Virgil Griffith created the Wikipedia Scanner to catch companies and organizations who were editing Wikipedia articles to their own benefit.
Virgil Griffith created the Wikipedia Scanner to catch companies and organizations who were editing Wikipedia articles to their own benefit.
Image courtesy Jake Appelbaum/Virgil Griffith

If you've ever used the online encyclopedia Wikipedia, you might have noticed that editing an article is as easy as clicking the "edit this page" tab, making your changes and clicking "save." But it's this ease of editing that's both Wikipedia's greatest strength and its weakness: Anyone can edit Wikipedia -- even anonymously.

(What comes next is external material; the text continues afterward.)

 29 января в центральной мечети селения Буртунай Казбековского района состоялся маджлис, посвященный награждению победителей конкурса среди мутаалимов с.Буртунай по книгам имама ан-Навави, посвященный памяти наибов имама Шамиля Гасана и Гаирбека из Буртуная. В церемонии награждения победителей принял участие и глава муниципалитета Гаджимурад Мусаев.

Stories frequently surface about an organization or individual altering a Wikipedia entry, either maliciously or for the sake of a practical joke. But limiting people's ability to easily edit Wikipedia would infringe on one of its most celebrated features and what's arguably the key to its success.

Advertisement

Wikipedia has a variety of tools to deal with malicious editors. The site offers extensive tutorials about what it looks for in a good encyclopedia entry and how to clean up articles. Many Wikipedians -- frequent editors of the encyclopedia -- show fierce loyalty to the site, acting as its watchdogs and correcting potentially damaging edits. Wikipedia keeps a record of all changes so that a defaced or otherwise unsatisfactory article can easily revert to an older version. The site also has several features that can be used or requested by Wikipedians, including locking down pages, blocking certain users and flagging articles that violate the site's guidelines.

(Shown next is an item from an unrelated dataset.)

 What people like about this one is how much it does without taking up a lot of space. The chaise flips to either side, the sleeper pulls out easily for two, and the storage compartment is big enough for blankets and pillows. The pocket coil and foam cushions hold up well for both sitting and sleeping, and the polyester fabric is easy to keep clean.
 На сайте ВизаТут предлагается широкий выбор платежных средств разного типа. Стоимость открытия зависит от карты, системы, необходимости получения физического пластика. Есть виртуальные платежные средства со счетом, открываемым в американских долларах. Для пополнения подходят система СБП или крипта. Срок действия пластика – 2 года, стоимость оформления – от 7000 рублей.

Despite all of these tools, Wikipedians can't be everywhere. With more than 1.9 million English-language articles alone, the potential for abuse is enormous, especially by anonymous users [source: Wikimedia]. Enter the WikiScanner, a free program unveiled in August 2007 by Virgil Griffith, a graduate student studying computation and neural systems at the California Institute of Technology and a visiting researcher at the Santa Fe Institute.

Whenever an unregistered, anonymous user edits a Wikipedia entry, the site logs the user's IP address, the unique string of numbers that identifies each computer connected to the Internet. The WikiScanner uses these records to trace the IP addresses of anonymous Wikipedia editors. By comparing the IP addresses against a database of companies that own them, the Scanner can name the editor, or at least the organization responsible for the user's access.

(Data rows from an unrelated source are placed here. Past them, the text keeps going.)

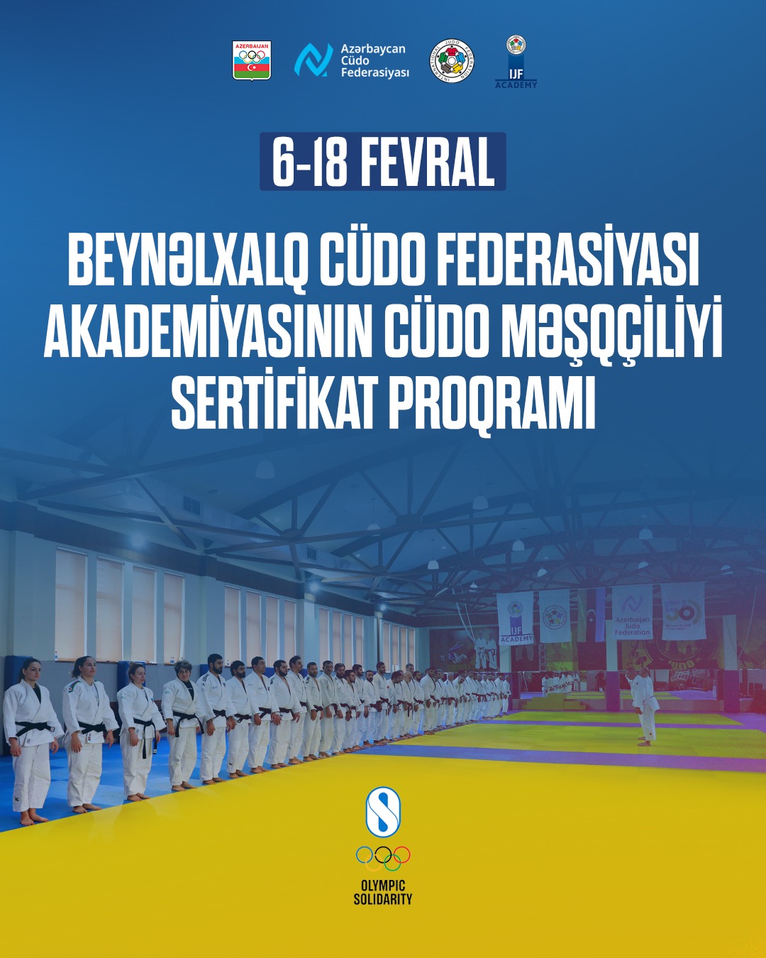 Beynəlxalq Cüdo Federasiyasının (BCF) Akademiyasının 2022-ci il mart ayından başlamış birinci səviyyə cüdo məşqçiliyi sertifikatı proqramı çərçivəsində 6-18 fevral 2023-cü ildə Bakı şəhərində yekun təlimlər keçiriləcək. Azərbaycan Respublikası Milli Olimpiya Komitəsinin (MOK) və Azərbaycan Cüdo Federasiyasının (ACF) təşkilatçılığı ilə keçiriləcək tədbirdə 79 cüdo məşqçisi imtahan verəcək.
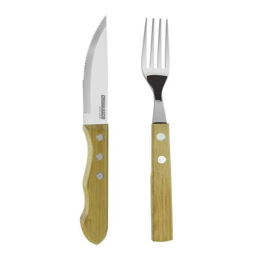 A linha Churrasco Paixão Nacional é produzida em aço inox com cabo em bambu, ou seja, além de ser um agente natural antibacteriano, a fibra do bambu permite ser moldada, resultando em peças com design muito mais moderno para acompanhar o seu churrasco.Especifícações:Composição do kit:12 PEÇAS:GX9063 - Garfo Steak - 6 unidades;GX9504 - Faca Steak 4,5 - 6 unidades.Material: Aço inox + bambuMedidas do Produto - Dimensões aproximadas: Peso Kg 0,912 CxLxA : 35 x 2,5 x 1,2 cmMarca: Gourmet MixFabricante: Marcamix - Utilidades GourmetRecomendações:Uso seguro/adequado: Durante a lavagem, use apenas sabão ou detergente e uma esponja macia. Enxágue bem e enxugue imediatamente, caso contrário poderão surgir manchas no inox. Não utilizar palha de aço, pois pode danificar o produto.
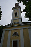 A templom önmagában álló, téglalap alaprajzú épület. Egyhajós szentélye a nyolcszög három oldalával záródik. Főhomlokzatát négy pilaszter díszíti. A főpárkány felett kisméretű timpanon. Innen nyílik a bejárat, felette félköríves ablak. Főhomlokzat előtti tornyának sarkain lizénák, a felső szintjén félköríves záródású ablakok. Az ablakok vakolatkeretesek. A hajó ablakai szegmensívesek. A sekrestye a templom északi tömegéhez csatlakozik. Teteje kontyolt nyeregtető, a torony törtvonalú sisak alakú bádogfedésű.
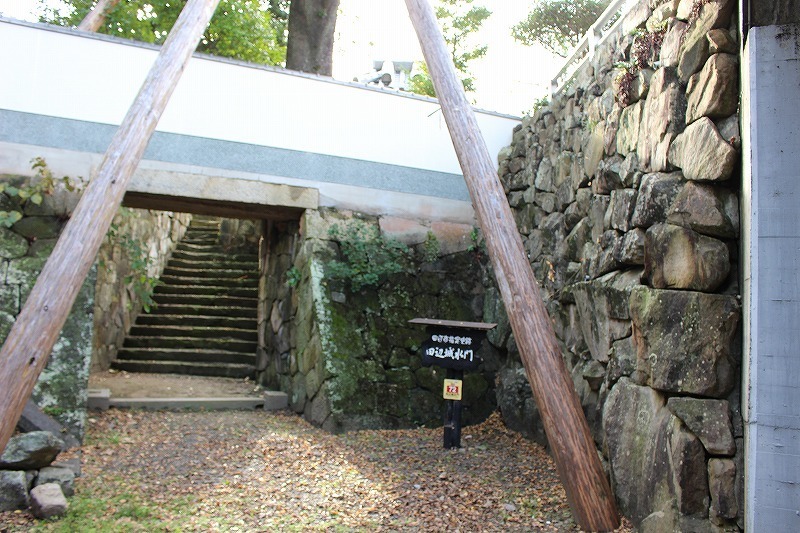 現在の田辺市街の西南端に位置し、会津川の河口左岸と海に隣接していた。遺構として石垣と水門が残る。
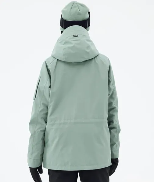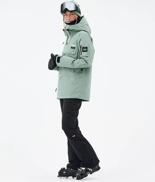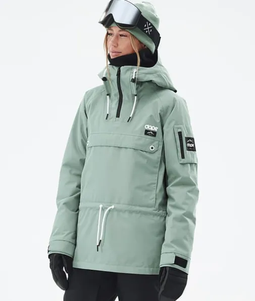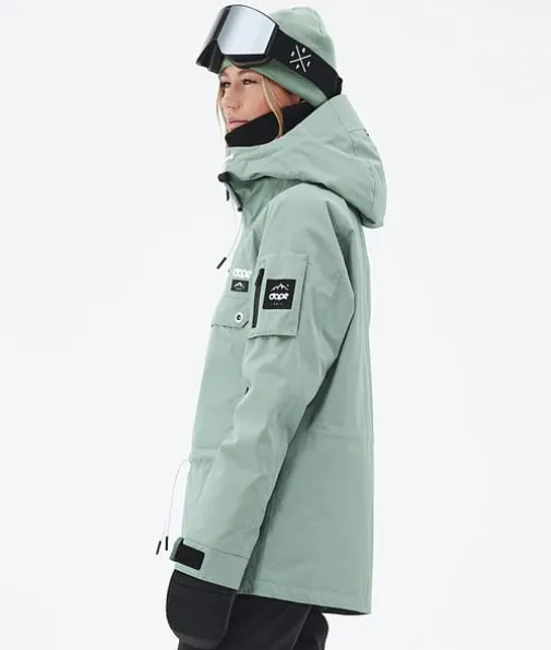 Annok W Skijakke Dame Faded Green|Dopes helt egen signaturstil, Annok stormer tilbake på lager i år for nok en gang å herske over alle andre anorakker. Vi ga den vanntetting og isolering for å takle alt fjellet har å by på, og mange flotte små detaljer som kontraststrenger og trippel lommesystem. Dette gjør Annok til en seriøs street-inspirert anorak som er klar til å yte i både parken og i pudderet, og den ser fantastisk ut.

The results have been astounding -- tens of millions of anonymous edits, performed by more than 180,000 organizations, some of them in clear violation of Wikipedia policy. Among the many organizations cited: the FBI, CIA, Britain's Labour Party, the Vatican, Wal-Mart, the Republican Party, the Church of Scientology, Dell Computers, Microsoft, Apple and the United Nations.

In this article, we'll take a close look at how the WikiScanner works, look at some particularly controversial or simply bizarre examples of anonymous editing and consider some of the reactions to the WikiScanner. We'll also show you how you can use the WikiScanner to see what some organizations and companies may be up to on Wikipedia.

Creating the Wikipedia Scanner

The "history" tab on a Wikipedia entry allows you to see
The "history" tab on a Wikipedia entry allows you to see

In creating the WikiScanner, Virgil Griffith took advantage of one of Wikipedia's main features -- its extensive records and backlogs. To see an example of what these records look like, simply click on the "history" tab at the top of a Wikipedia entry. There you can see the names of registered users who edited the article, the IP addresses of anonymous editors and notes on changes. You can also easily compare different versions of an article or leave a message for an editor, even an anonymous one.

Wikipedia makes it possible to download a complete version of the encyclopedia, including every article and the records of all edits performed. Griffith downloaded the complete encyclopedia and extracted all of the anonymous changes and their associated IP addresses. He came up with 34,417,493 anonymous edits made from Feb. 7, 2002 through Aug. 4, 2007 from 2,668,095 different IP addresses [source: Griffith].

Advertisement

A variety of services, some of them publicly available, make it possible to trace IP addresses to the corporations, government entities and organizations that own them. Using software from IP2Location, a company that sells programs that allow users to match IP addresses with their owners, Griffith found that 187,529 organizations had performed anonymous edits of Wikipedia entries [source: Griffith].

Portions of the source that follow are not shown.